Шли мы не быстро, потому что я еще не восстановился до конца, и каждый шаг давался мне с немалым трудом, правда, девушке я старался это не показывать. Зачем? Я мужчина, это мои проблемы, зачем в них посвящать других. Я шел, глядя по сторонам и размышляя о том, что мне дала так восхвалённая искином регенерация? В принципе, мало чего. Как жила боль внутри, так и осталась, как слабость была, так и не ушла никуда. Да, я не умер от многочисленных ран, но это не факт, что в следствие геноинженерии, может просто организм у меня такой. Да и не думал я, что будет так больно заново возвращаться в этот мир. Вот скажите. Зачем мне это? Ведь вполне себе мог умереть и освободиться. Лежал бы себе в кошачьих желудках и наслаждался покоем. Ну, как бы лежал, мертвый, конечно, кусками.

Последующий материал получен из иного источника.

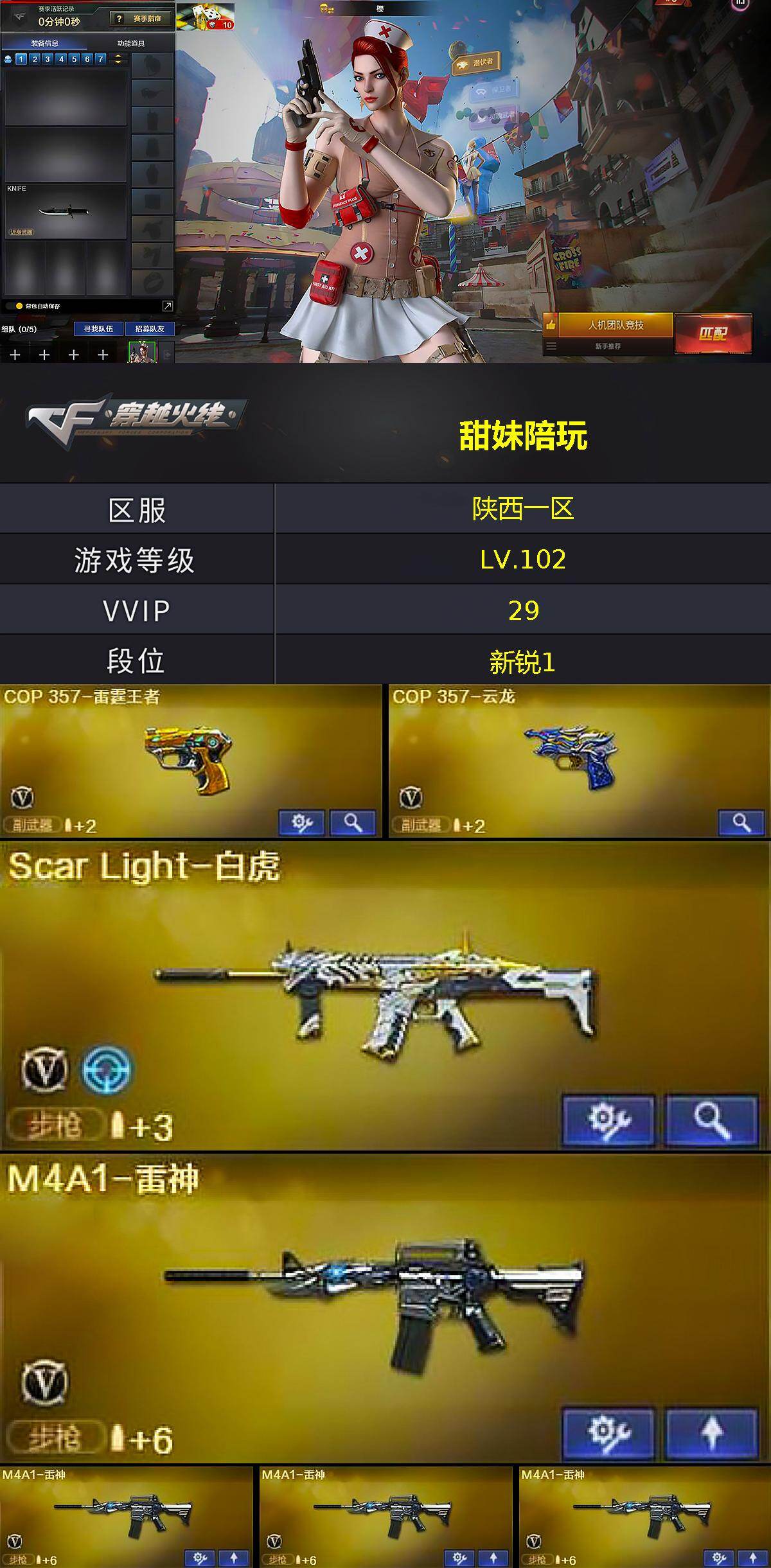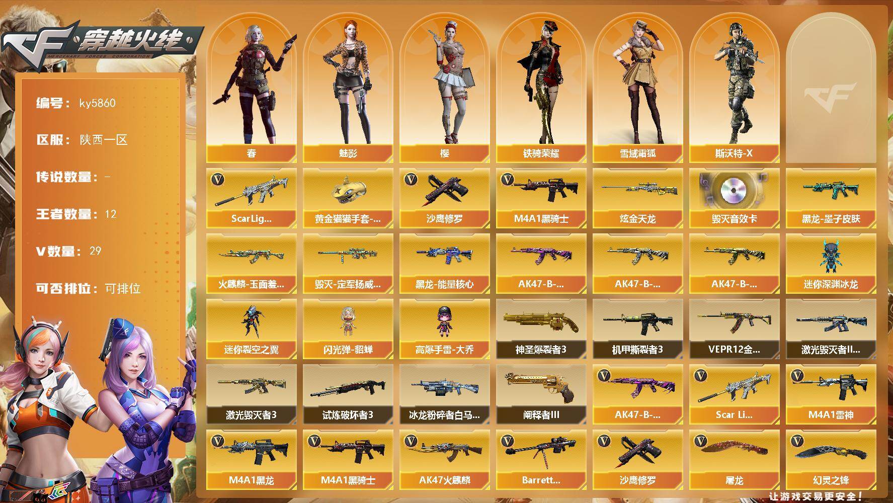 [17018835]陕西一区-40V-12王者武器数-1炫金武器数 【热门武器】:Scar Light-白虎,M4A1-黑骑士*4,沙鹰-修罗*5,黄金猫猫手套-白鲨 【王者炫金武器】:炫金天龙 【音效卡】:Barrett-毁灭音效卡 【皮肤】:火麒麟-玉面羞花 皮肤,毁灭-定军扬威 皮肤,黑龙-能量核心,黑龙-墨子皮肤,AK47-B-常胜将军-曹操,AK47-B-常胜将军-刘备,AK47-B-常胜将军-孙权 【角色】:樱,魅影,春,雪域霜狐,斯沃特-X,铁骑荣耀 【人偶武器】:迷你深渊冰龙,迷你裂空之翼*3,闪光弹-貂蝉,高爆手雷-大乔 【挑战大师】:神圣爆裂者III,冰龙粉碎者-白马银枪,激光毁灭者III-白马银枪,VEPR-12-金魔,激光毁灭者III*2,机甲撕裂者III,试炼破坏者III,阐释者III 【英雄级武器】:AK47-火麒麟,M4A1-黑龙,M4A1-雷神*4,M4A1-黑骑士*4,Scar Light-白虎,AK47-B-常胜将军,Barrett-毁灭,炼狱-悦蓝-觉醒版,悦蓝-惊涛骇浪-觉醒版,沙鹰-修罗*5,COP 357-雷霆王者-觉醒版,COP 357-云龙,屠龙,幻灵之锋,王者之啸-觉醒版,王者之击-觉醒版,雷霆王者之锋-觉醒版,闪光弹-幻灵,闪光弹-雷霆王者-觉醒版*5,烟雾弹-云龙 【道具】:神秘礼盒背包,AG战队炫彩背包,EP战队炫彩背包,KZ战队炫彩背包,炫彩背包,裂空之翼背包-金色,超级背包,雪域霜狐炫彩背包,黄金巨石泰坦-魔花研究所背包,女皇终结者-魔龙之吻,绿色巨人,灵魂忍者,迷雾幽灵,夺命之镰,防化服*2,雪域霜狐表情,防弹头盔*2,防弹衣*2,C4工具钳*2,手雷包*2 【特殊枪械】:1白虎,4黑骑士

Конечно, я кривил душой, и прекрасно понимал, что если бы не те изменения, что во мне произвел искин исследовательского комплекса, вряд ли сегодня я вообще мог бы ходить. С такими ранами не живут, а они исчезли почти без следа, на моем теле остались только багровые шрамы, причем не безобразные, как бывает, когда зверь вырывает когтями часть плоти, а аккуратные тонкие красноватые линии, понемногу исчезающие.

Кошек я не видел, я знал, они находятся где-то рядом, иногда я ощущал на себе их взгляды и понимал, лес их дом, здесь они живут и охотятся, а настоящие охотники показываются только после того, как дичь убита. Нас они не тронут, в этом я был уверен. Откуда? Не знаю. Просто ощущал. Я вообще стал последнее время очень чувствительным и, наверное, не хуже любого зверя чуял все вокруг в разных красках и цветах, да и убить меня непросто стало в последнее время, сопротивляюсь очень сильно. И причина этому не потому, что жить сильно хочу, но и умирать, где попало, как-то не хочется.

Неожиданно одна из огромных кошек появилась перед нами и преградила путь:

— Нам встретился крайне опасный зверь, — прошипела она. Вообще не понимаю, как это шипение складывается у меня в нормальные слова. — Дети пробуют его убить, если у них не получится, нам всем придется убегать, так как этот хищник очень силен. Правда, вы на своих слабых двух ногах далеко не убежите, поэтому, наверное, придется нам здесь всем умереть

— Убегать? — я задумчиво посмотрел на кошку. — Ты сможешь унести меня на себе? Насколько мне известно, почти все хищники могут нести на своей спине добычу, которая равна их весу.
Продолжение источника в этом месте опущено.